Auburn University is continuing to make a difference across the globe. The Southern Forest Nursery Management Cooperative and Forest Health Cooperative are two research cooperatives in the Auburn University School of Forestry and Wildlife Sciences that have received a $218,000 grant from the United States Forest Service.
The grant will be used to fund supplies for a three-year project to improve screening methods, rapidly detect and successfully prevent the spread of a fungus called Fusarium circinatum that causes Pitch Canker disease, which kills full grown conifer trees and seedlings, around the world.
According to authorities, the fungus is currently present in the southern part of the United States and California. The fungus has not reached the northern states, but research shows that trees in the North are susceptible to the fungus.
Dr. Scott Enebak is a professor, director of the Southern Forest Nursery Management Cooperative in the School of Forestry and Wildlife Sciences and serves as the co-principal investigator over the new polymerase chain reaction (PCR) testing method funded by the grant.
"We are trying to prevent the movement of the pathogen to other places," Enebak said.
According to Enebak, the fungus is physically unrecognizable and is easily spread internationally. With the new testing method that will use plant DNA, the fungus will be detected quickly and easily.
The current testing method takes three or more weeks and is unreliable, but with the polymerase chain reaction testing method, the fungus will be detected after only half a day, according to Lori Eckhardt, assistant professor in the School of Forestry and Wildlife Sciences and serves alongside Enebak as the director of the Forest Health Cooperative.
Scientists at the University of Florida initially sequenced the genome of the fungus that causes Pitch Canker and are working with the School of Forestry and Wildlife Sciences at Auburn to develop the new screening method.
"They did phase one, and now we are doing phase two," Eckhardt said.
The grant is also being used to fund the studies of Ryan Nadel, a Postdoctoral Fellow who is working to develop the new testing method. Nadel is from South Africa and has lived in the United States for three months while he works with the cooperatives.
Enebak and Nadel both agree that the rapid speed of the new testing method is a necessity.
"The quicker to identify, the quicker to prevent the entry [of the fungus] into a country," Nadel said.

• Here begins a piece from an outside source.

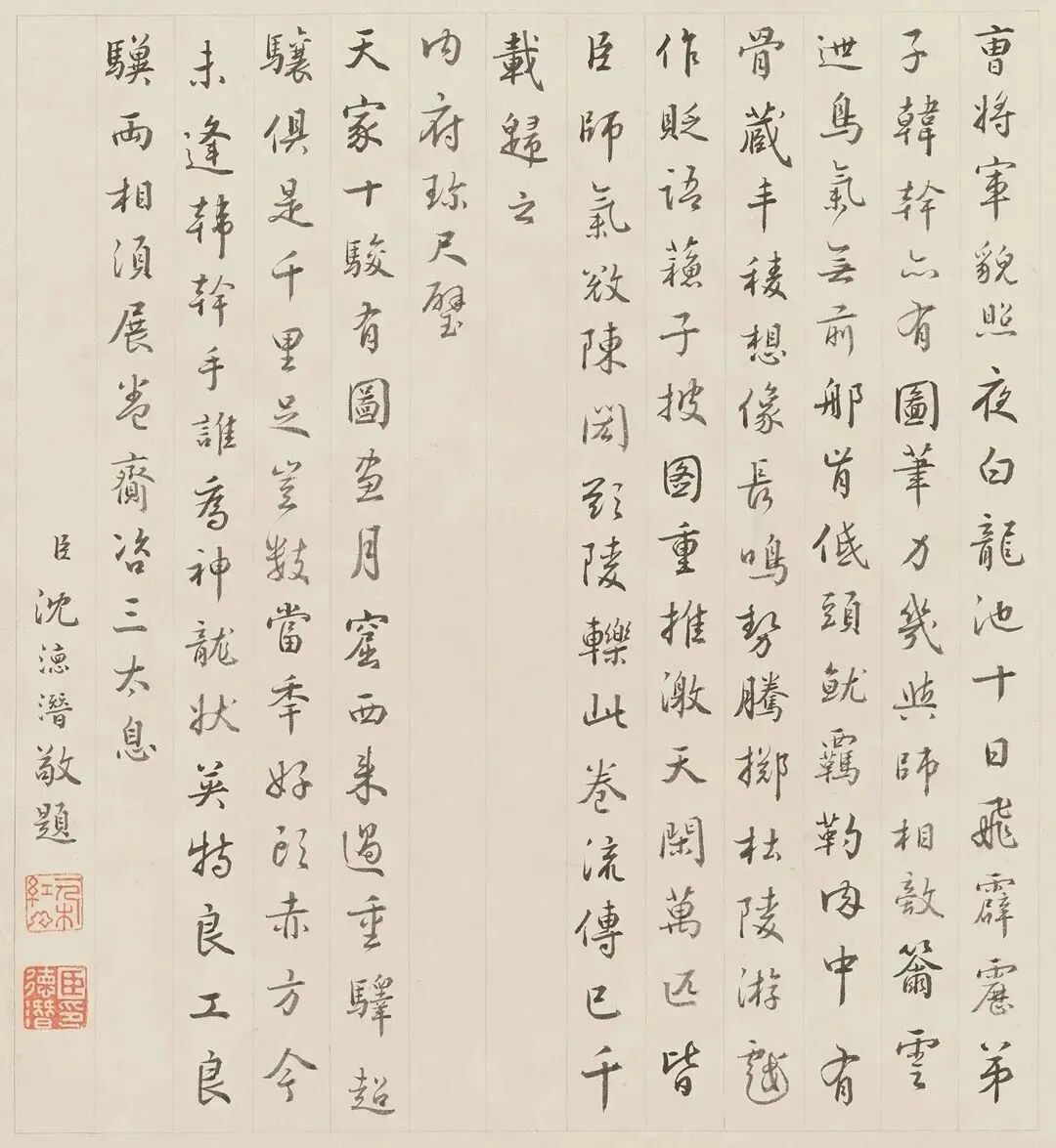 曹將軍貌照夜白,龍池十日飛霹靂。弟子韓幹亦有圖,筆力幾與師相敵。籋雲迣鳥氣無前,那肯低頭就羈靮?肉中有骨藏丰稜,想像長鳴勢騰擲。杜陵游戲作貶語,蘇子披圖重推激。天閑萬匹皆臣師,氣敓陳閎欲陵轢。此卷流傳已千載,歸之内府珍尺璧。天家十駿有圖畫,月窟西來過重驛。超驤俱是千里足,豈數當年好頭赤。方今未逢韓幹手,誰為神龍狀英特。良工良驥兩相須,展卷齎咨三太息。臣沈德潛敬題。

According to Enebak and Eckhardt, the goals of the new testing protocol are to make Auburn a central testing location where samples of pine are sent in to be tested for the fungus and for clean seed certification to be achieved faster.
"We want a more rapid test and a more accurate test," Enebak said.
To ensure the tests are more accurate the International Seed Testing Association must approve the new method.
Although the improved method of testing will be unable to treat the infected plant life, the early detection of the fungus will be able to prevent the spread of Pitch Canker and allow for recommendations on how to treat the infected conifers, according to Enebak.